▶ [WHAT THIS TASK INVOLVES]
Skipping all pictures, please restate word for word the lines from the one that contains "當(dāng)日,志愿服務(wù)隊(d" through the last line of the entries.

[Opening STORED DATA section]

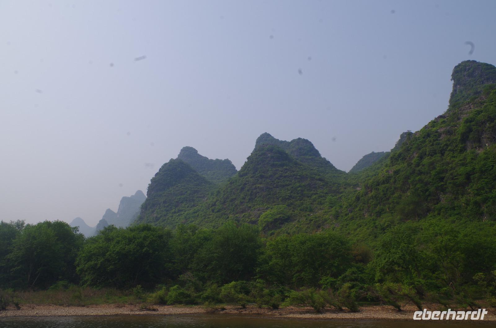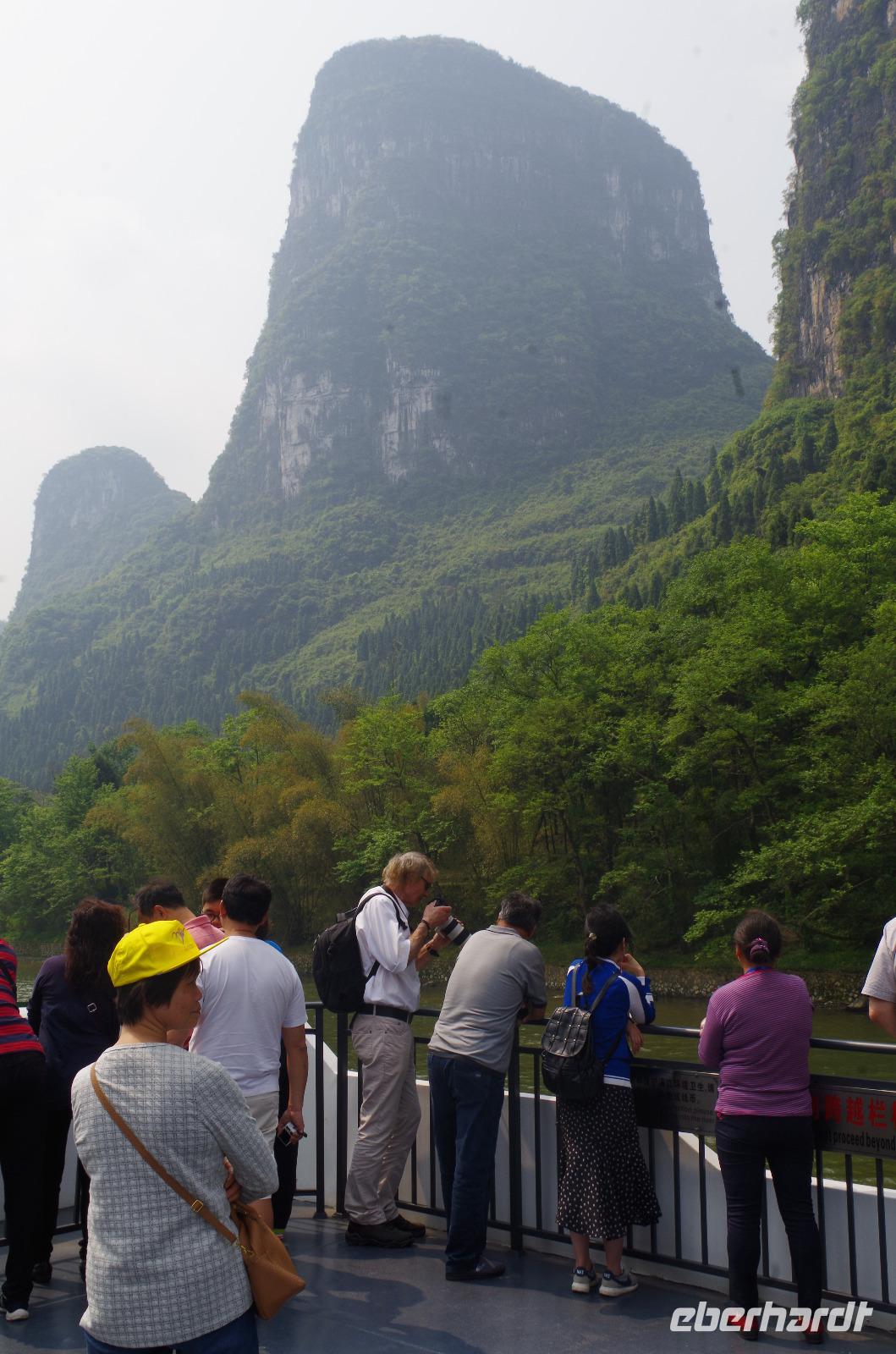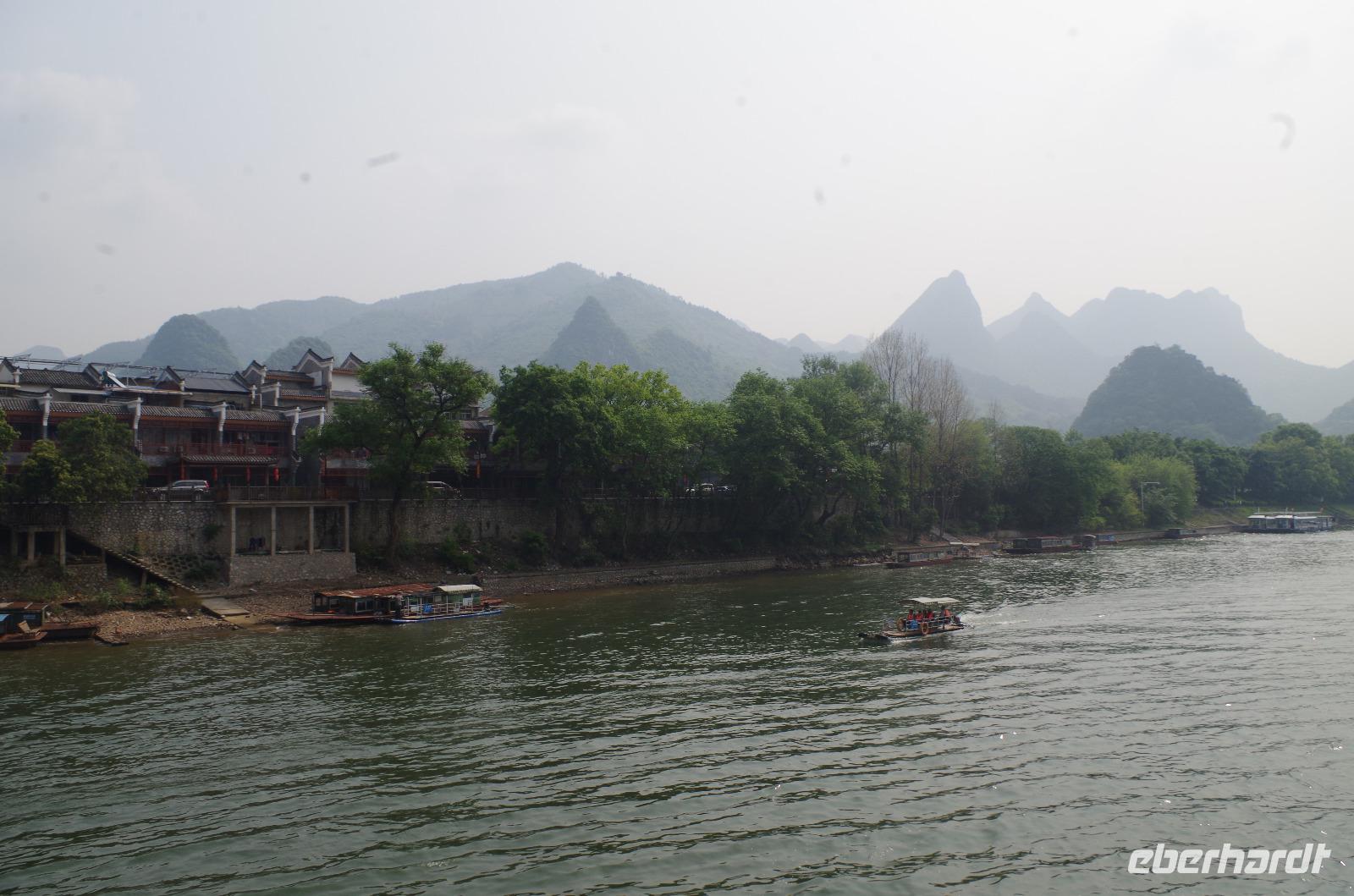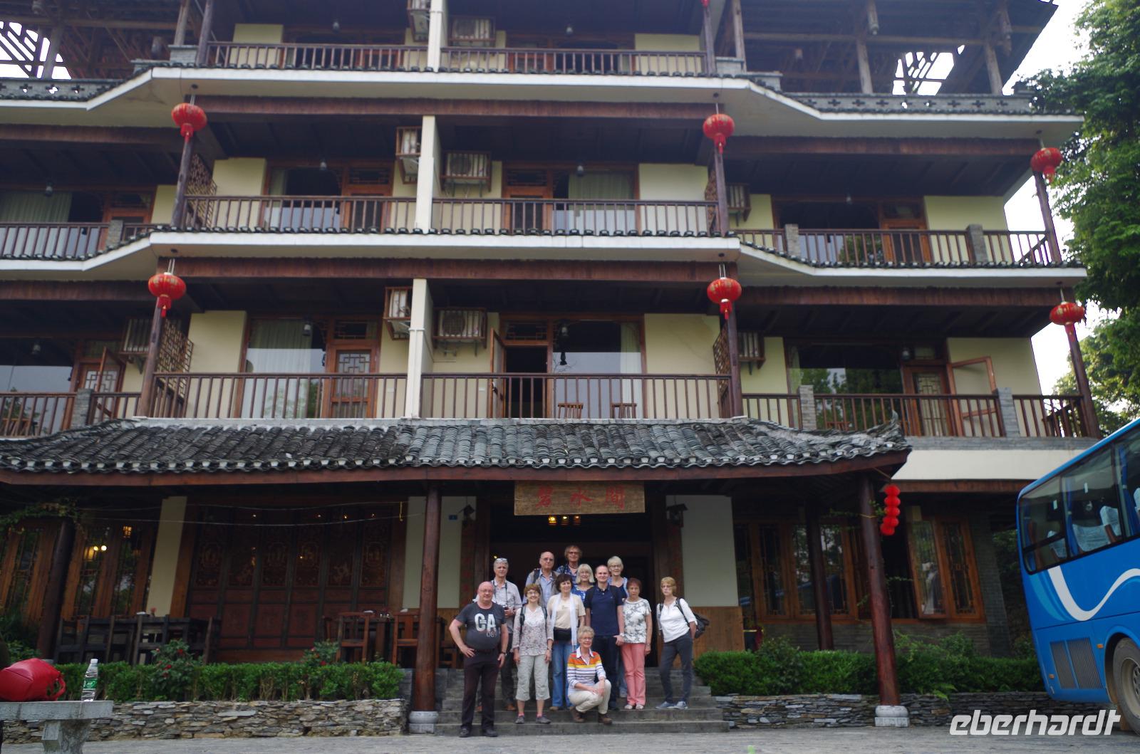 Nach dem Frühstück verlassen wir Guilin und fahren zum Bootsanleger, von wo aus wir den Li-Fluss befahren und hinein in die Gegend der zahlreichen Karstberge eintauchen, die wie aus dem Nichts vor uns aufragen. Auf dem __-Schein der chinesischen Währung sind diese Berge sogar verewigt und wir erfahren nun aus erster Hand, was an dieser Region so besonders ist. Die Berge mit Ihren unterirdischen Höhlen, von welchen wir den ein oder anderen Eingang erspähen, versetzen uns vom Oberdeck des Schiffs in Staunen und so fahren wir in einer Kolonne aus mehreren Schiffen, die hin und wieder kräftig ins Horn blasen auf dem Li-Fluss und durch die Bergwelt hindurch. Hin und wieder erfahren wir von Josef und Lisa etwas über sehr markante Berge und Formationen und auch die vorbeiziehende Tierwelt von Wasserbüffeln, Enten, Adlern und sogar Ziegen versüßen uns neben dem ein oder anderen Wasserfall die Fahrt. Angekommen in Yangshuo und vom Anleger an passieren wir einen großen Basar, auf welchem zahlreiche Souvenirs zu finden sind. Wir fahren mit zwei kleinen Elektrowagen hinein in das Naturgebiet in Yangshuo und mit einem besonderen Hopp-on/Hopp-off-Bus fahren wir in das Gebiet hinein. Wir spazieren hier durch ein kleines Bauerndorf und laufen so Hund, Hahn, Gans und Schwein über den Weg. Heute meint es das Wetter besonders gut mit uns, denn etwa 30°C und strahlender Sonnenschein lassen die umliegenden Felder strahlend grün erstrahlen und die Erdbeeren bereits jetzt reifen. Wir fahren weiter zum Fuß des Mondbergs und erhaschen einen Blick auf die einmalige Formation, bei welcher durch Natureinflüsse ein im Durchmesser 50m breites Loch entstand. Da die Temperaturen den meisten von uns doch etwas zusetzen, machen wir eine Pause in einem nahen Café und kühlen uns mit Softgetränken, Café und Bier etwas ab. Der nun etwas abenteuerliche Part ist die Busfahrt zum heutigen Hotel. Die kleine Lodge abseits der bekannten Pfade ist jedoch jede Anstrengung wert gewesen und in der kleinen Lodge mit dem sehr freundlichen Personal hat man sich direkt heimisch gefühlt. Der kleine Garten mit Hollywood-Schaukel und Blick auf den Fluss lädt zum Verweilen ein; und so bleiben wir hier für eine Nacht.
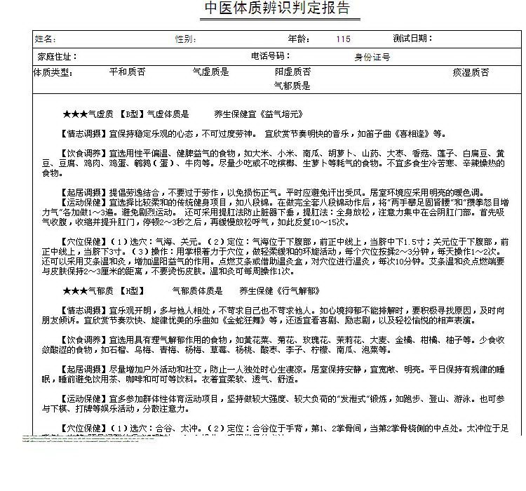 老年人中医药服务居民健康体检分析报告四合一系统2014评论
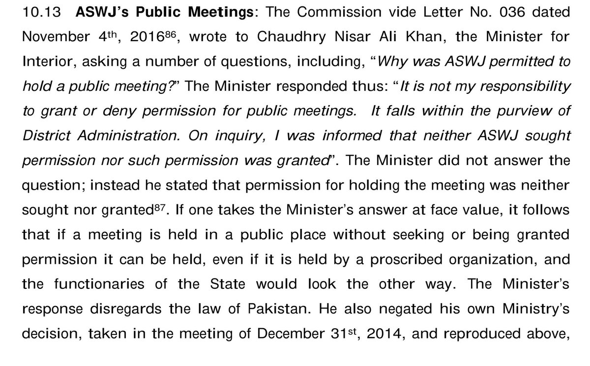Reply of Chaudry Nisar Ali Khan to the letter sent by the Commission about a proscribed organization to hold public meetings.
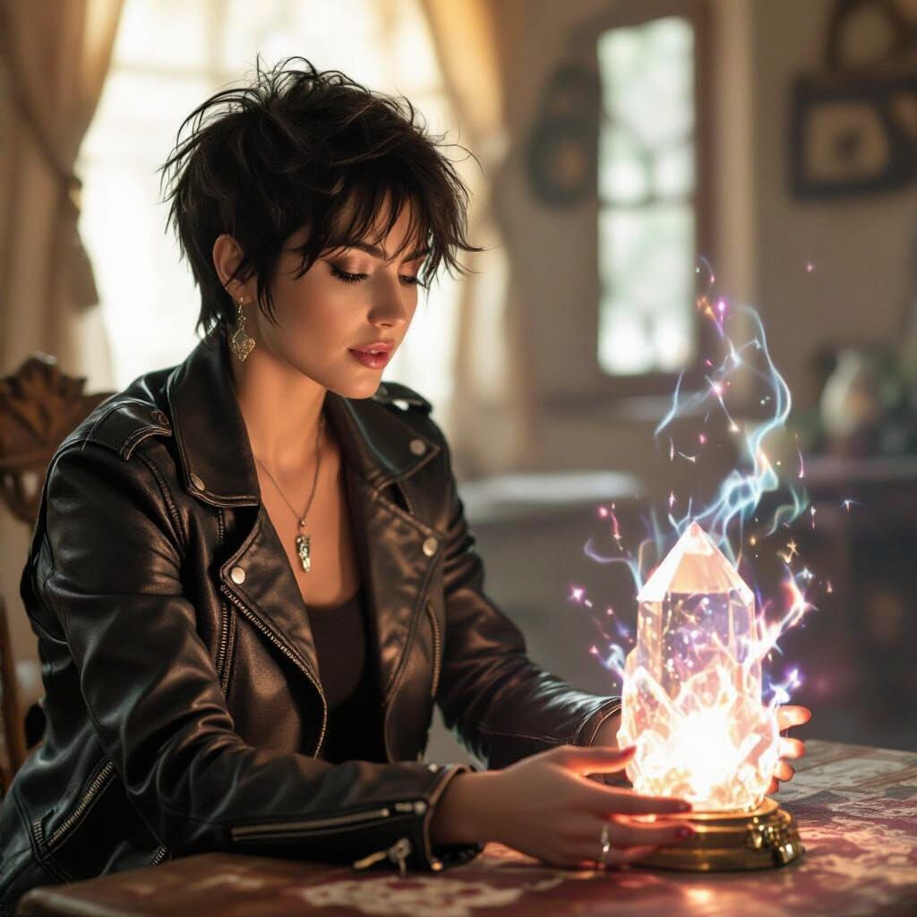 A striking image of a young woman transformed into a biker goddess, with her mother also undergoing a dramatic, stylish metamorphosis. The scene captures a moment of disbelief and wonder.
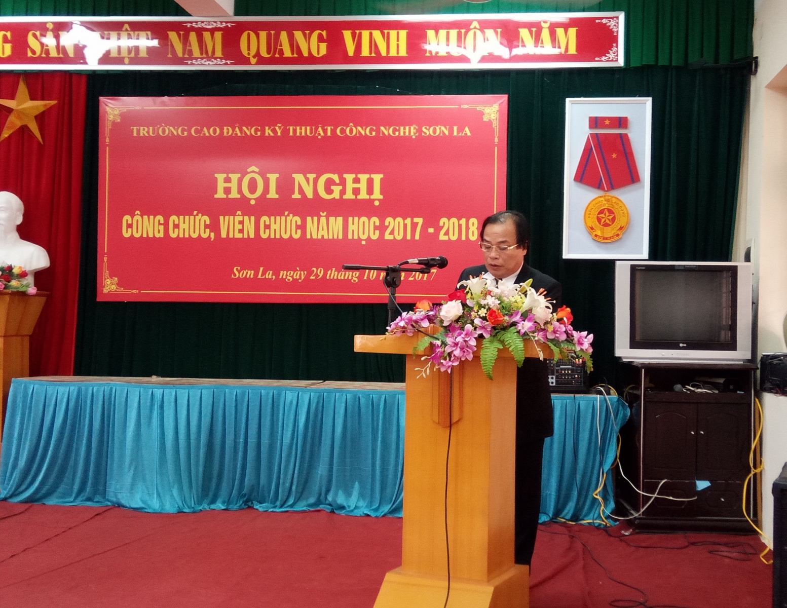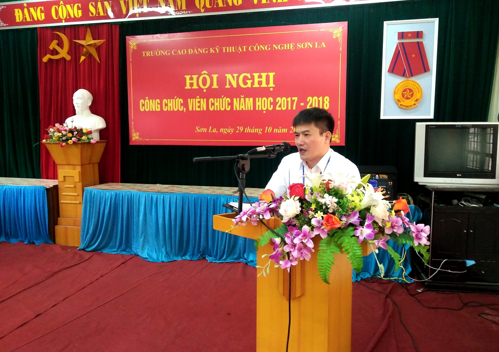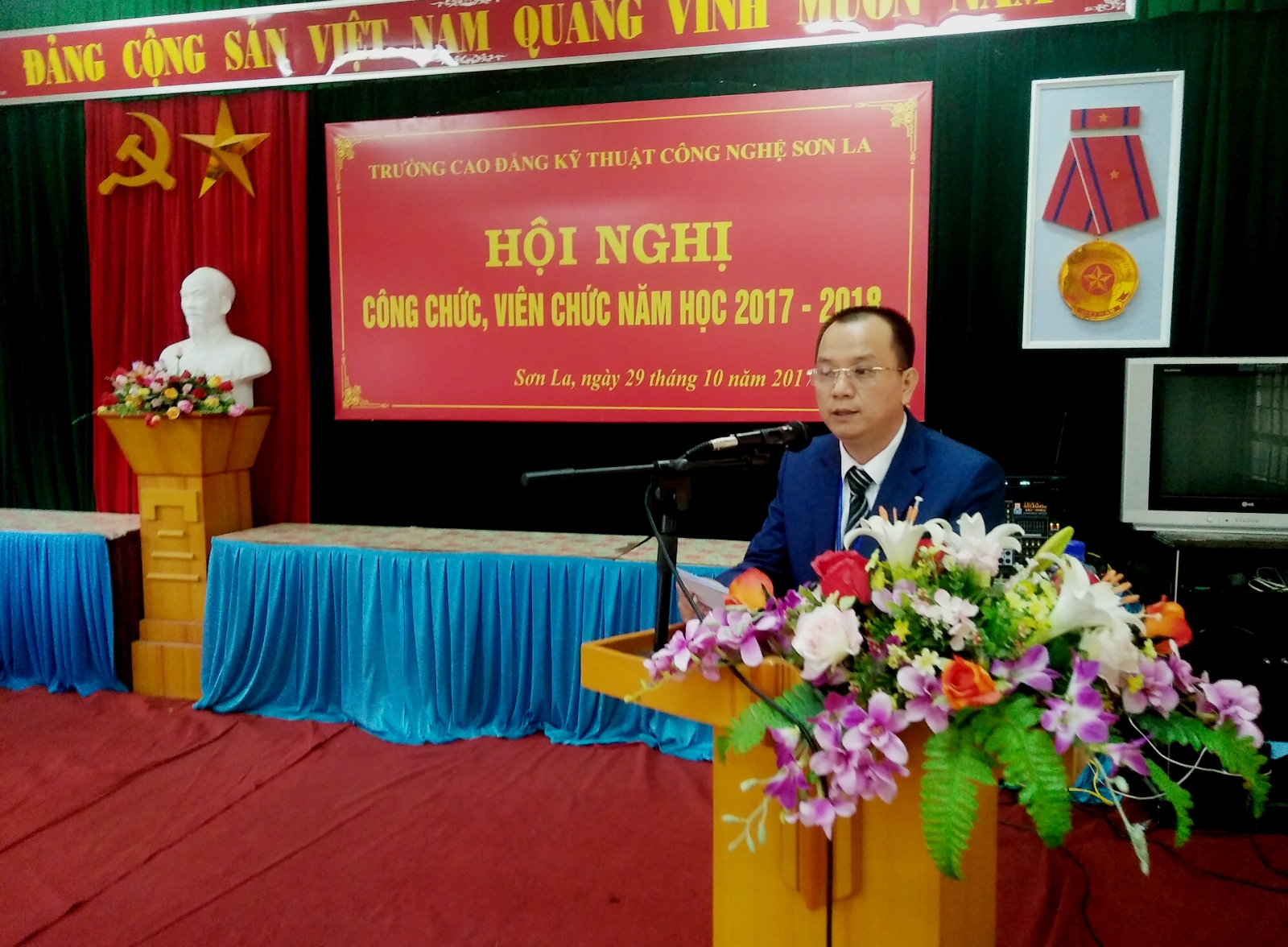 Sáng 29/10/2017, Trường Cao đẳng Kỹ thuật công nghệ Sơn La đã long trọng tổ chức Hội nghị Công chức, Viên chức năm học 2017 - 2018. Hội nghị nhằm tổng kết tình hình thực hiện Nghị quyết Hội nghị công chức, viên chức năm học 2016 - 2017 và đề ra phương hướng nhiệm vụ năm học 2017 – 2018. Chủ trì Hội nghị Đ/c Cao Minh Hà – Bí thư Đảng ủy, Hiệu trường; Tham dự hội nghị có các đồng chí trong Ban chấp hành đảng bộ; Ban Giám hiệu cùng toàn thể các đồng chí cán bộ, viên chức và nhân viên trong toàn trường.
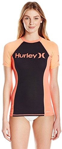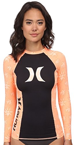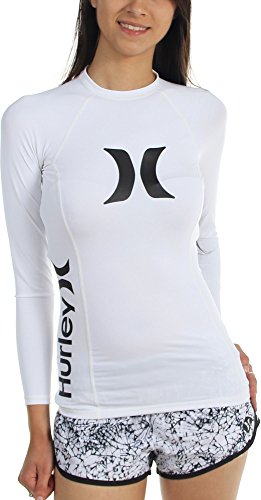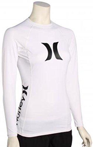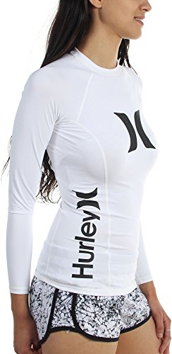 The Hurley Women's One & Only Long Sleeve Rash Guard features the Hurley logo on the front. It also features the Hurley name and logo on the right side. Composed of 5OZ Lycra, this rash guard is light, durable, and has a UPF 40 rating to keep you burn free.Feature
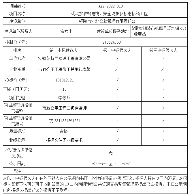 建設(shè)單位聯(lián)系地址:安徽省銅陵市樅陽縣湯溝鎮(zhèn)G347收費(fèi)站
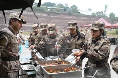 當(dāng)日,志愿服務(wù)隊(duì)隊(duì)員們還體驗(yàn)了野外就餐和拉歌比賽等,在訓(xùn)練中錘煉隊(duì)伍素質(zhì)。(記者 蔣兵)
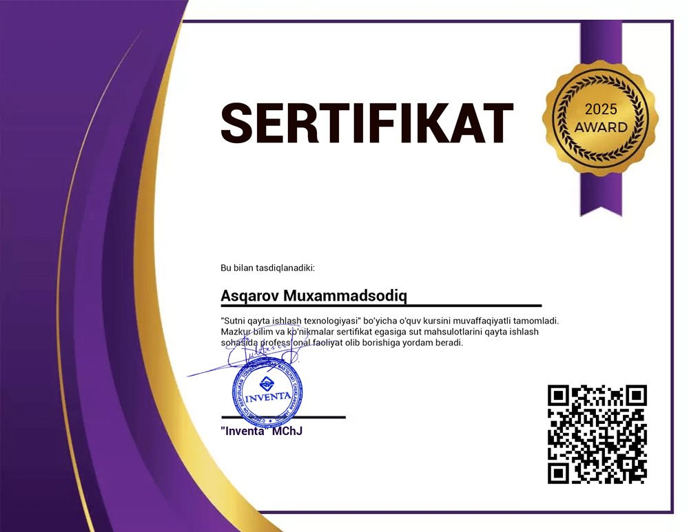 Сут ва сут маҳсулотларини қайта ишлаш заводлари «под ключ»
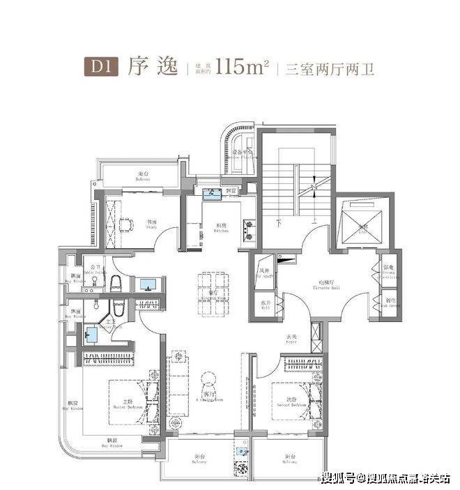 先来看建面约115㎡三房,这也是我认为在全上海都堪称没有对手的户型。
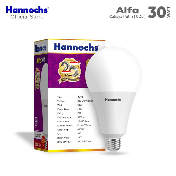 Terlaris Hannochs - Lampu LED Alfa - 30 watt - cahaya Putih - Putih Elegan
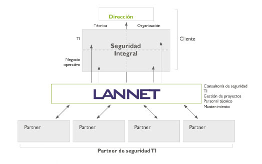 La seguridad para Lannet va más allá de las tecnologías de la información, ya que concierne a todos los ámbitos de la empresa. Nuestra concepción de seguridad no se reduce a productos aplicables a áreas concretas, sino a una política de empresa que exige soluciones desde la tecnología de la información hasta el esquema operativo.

[Closing STORED DATA section]

▶ [SOLUTION TO THE PROBLEM]
 當(dāng)日,志愿服務(wù)隊(duì)隊(duì)員們還體驗(yàn)了野外就餐和拉歌比賽等,在訓(xùn)練中錘煉隊(duì)伍素質(zhì)。(記者 蔣兵)
 Сут ва сут маҳсулотларини қайта ишлаш заводлари «под ключ»
 先来看建面约115㎡三房,这也是我认为在全上海都堪称没有对手的户型。
 Terlaris Hannochs - Lampu LED Alfa - 30 watt - cahaya Putih - Putih Elegan
 La seguridad para Lannet va más allá de las tecnologías de la información, ya que concierne a todos los ámbitos de la empresa. Nuestra concepción de seguridad no se reduce a productos aplicables a áreas concretas, sino a una política de empresa que exige soluciones desde la tecnología de la información hasta el esquema operativo.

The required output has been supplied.